Directions for this task
Please copy every record below exactly, leaving out the pictures.

Records from a dataset
════

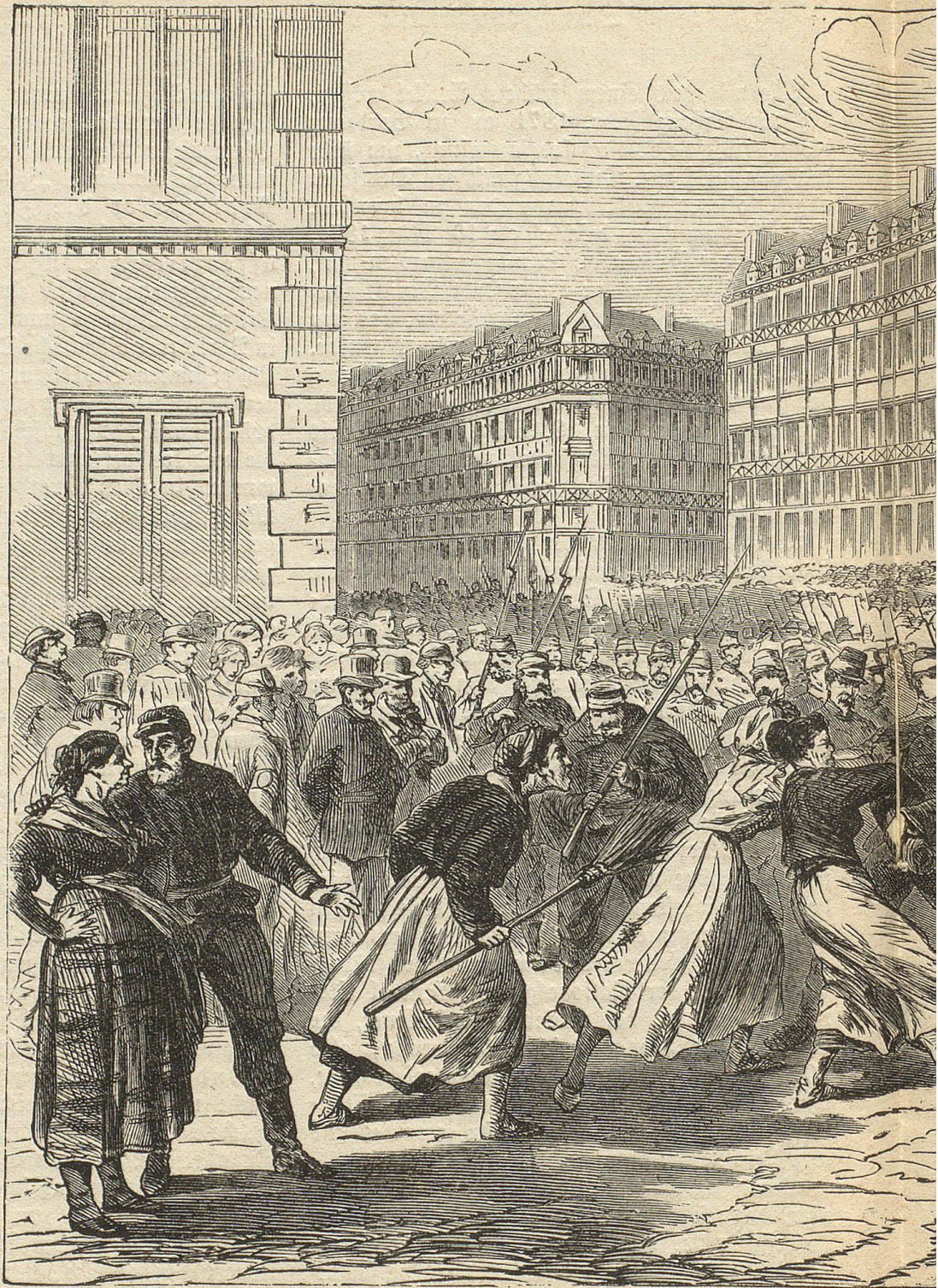
Transport gefangener Gensb'

Die weitaus größte Zahl der Revolutionäre lieferten aber die Hunderttausende von Arbeitern, die während der Belagerung von Paris durch die Deutschen 6 Monate im Solde der Regierung gestanden, sich der Arbeit entwöhnt hatten, und denen dieses Bummelleben so sehr zur Gewohnheit geworden war, daß sie sich nach Beendigung des Krie-
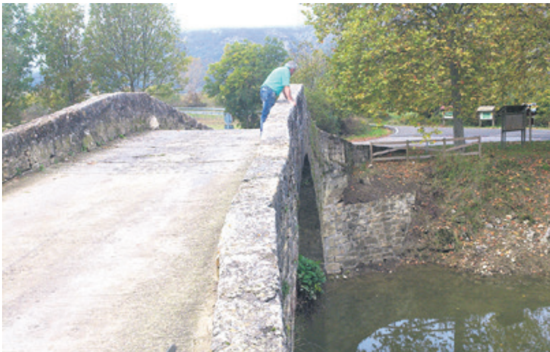
Gizona zubian egindako konponketari begira.
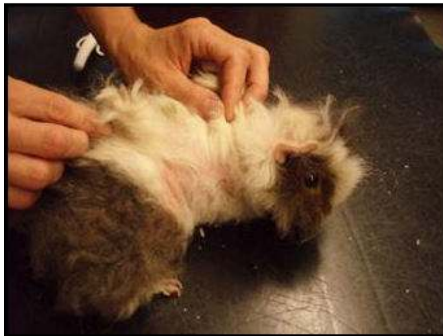
Skab på marsvin

Marsvin kan sagtens være raske smittebærere, dvs. gå rundt med miden i årevis uden at være påvirket af den. Hvis marsvinet så udsættes for stress eller andet der kan nedsætte deres immunforsvar, vil miden begynde at formere sig og symptomerne vil vise sig.
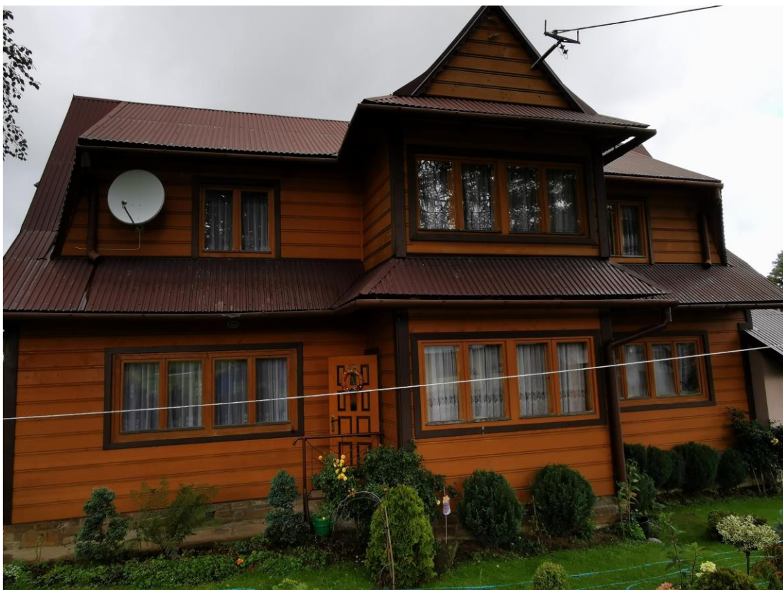
widok od strony S
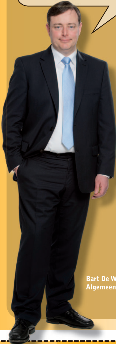
Bart De Wever Algemeen voorzitter N-VA

De N-VA kiest resoluut voor verandering. En ik vraag ook u om, samen met ons, die keuze te maken. Wil u de regering-Di Rupo weg, stem dan op 14 oktober op de N-VA!
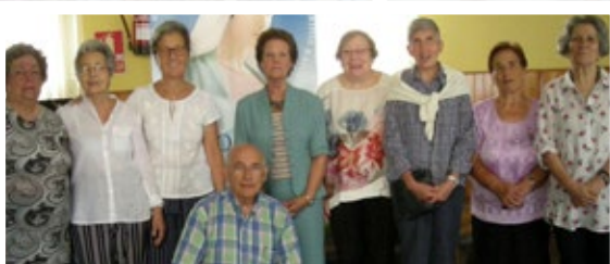
Los voluntarios también retransmitieron el Rosario desde la parroquia de San Pío X.
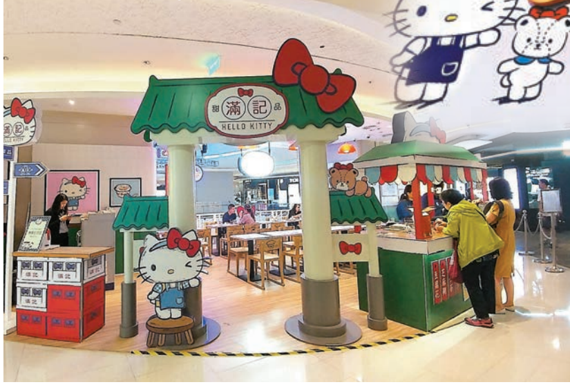
滿記甜品×Hello Kitty「復刻甜品屋」牌坊大門
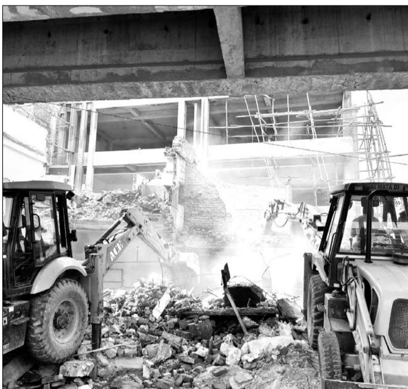
विधानसभा चुनावों से पहले झोटवाड़ा एलिवेटेड रोड का निर्माण कार्य पूरा करने के लिए जयपुर विकास प्राधिकरण के अधिकारी इन दिनों पुरजोर जुटे हुए हैं। मंगलवार को इस पुलिया के निर्माण में बाधा बन रही 8 दुकान, पांच मकान, सीढ़ियां व अन्य स्ट्रक्चर को जेसीबी से ध्वस्त किया।
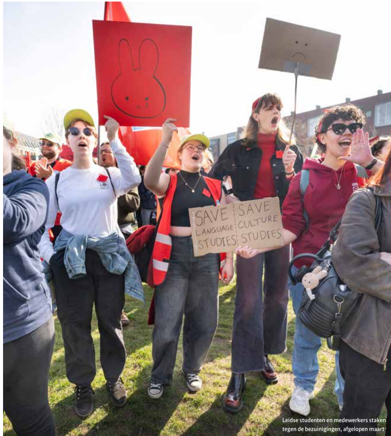
Leidse studenten en medewerkers staken tegen de bezuinigingen, afgelopen maart
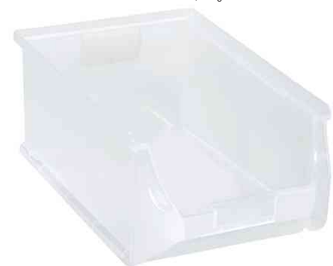
ProfiPlus Box 5, transparent
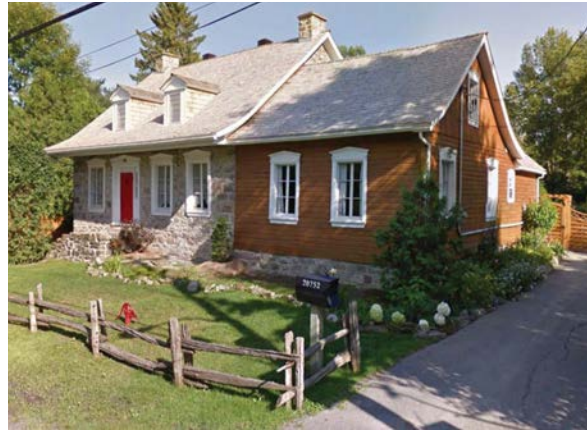
La maison J-Poudret 20 752 Gouin Ouest

════

The completed task
Transport gefangener Gensb'

Die weitaus größte Zahl der Revolutionäre lieferten aber die Hunderttausende von Arbeitern, die während der Belagerung von Paris durch die Deutschen 6 Monate im Solde der Regierung gestanden, sich der Arbeit entwöhnt hatten, und denen dieses Bummelleben so sehr zur Gewohnheit geworden war, daß sie sich nach Beendigung des Krie-
Gizona zubian egindako konponketari begira.
Skab på marsvin

Marsvin kan sagtens være raske smittebærere, dvs. gå rundt med miden i årevis uden at være påvirket af den. Hvis marsvinet så udsættes for stress eller andet der kan nedsætte deres immunforsvar, vil miden begynde at formere sig og symptomerne vil vise sig.
widok od strony S
Bart De Wever Algemeen voorzitter N-VA

De N-VA kiest resoluut voor verandering. En ik vraag ook u om, samen met ons, die keuze te maken. Wil u de regering-Di Rupo weg, stem dan op 14 oktober op de N-VA!
Los voluntarios también retransmitieron el Rosario desde la parroquia de San Pío X.
滿記甜品×Hello Kitty「復刻甜品屋」牌坊大門
विधानसभा चुनावों से पहले झोटवाड़ा एलिवेटेड रोड का निर्माण कार्य पूरा करने के लिए जयपुर विकास प्राधिकरण के अधिकारी इन दिनों पुरजोर जुटे हुए हैं। मंगलवार को इस पुलिया के निर्माण में बाधा बन रही 8 दुकान, पांच मकान, सीढ़ियां व अन्य स्ट्रक्चर को जेसीबी से ध्वस्त किया।
Leidse studenten en medewerkers staken tegen de bezuinigingen, afgelopen maart
ProfiPlus Box 5, transparent
La maison J-Poudret 20 752 Gouin Ouest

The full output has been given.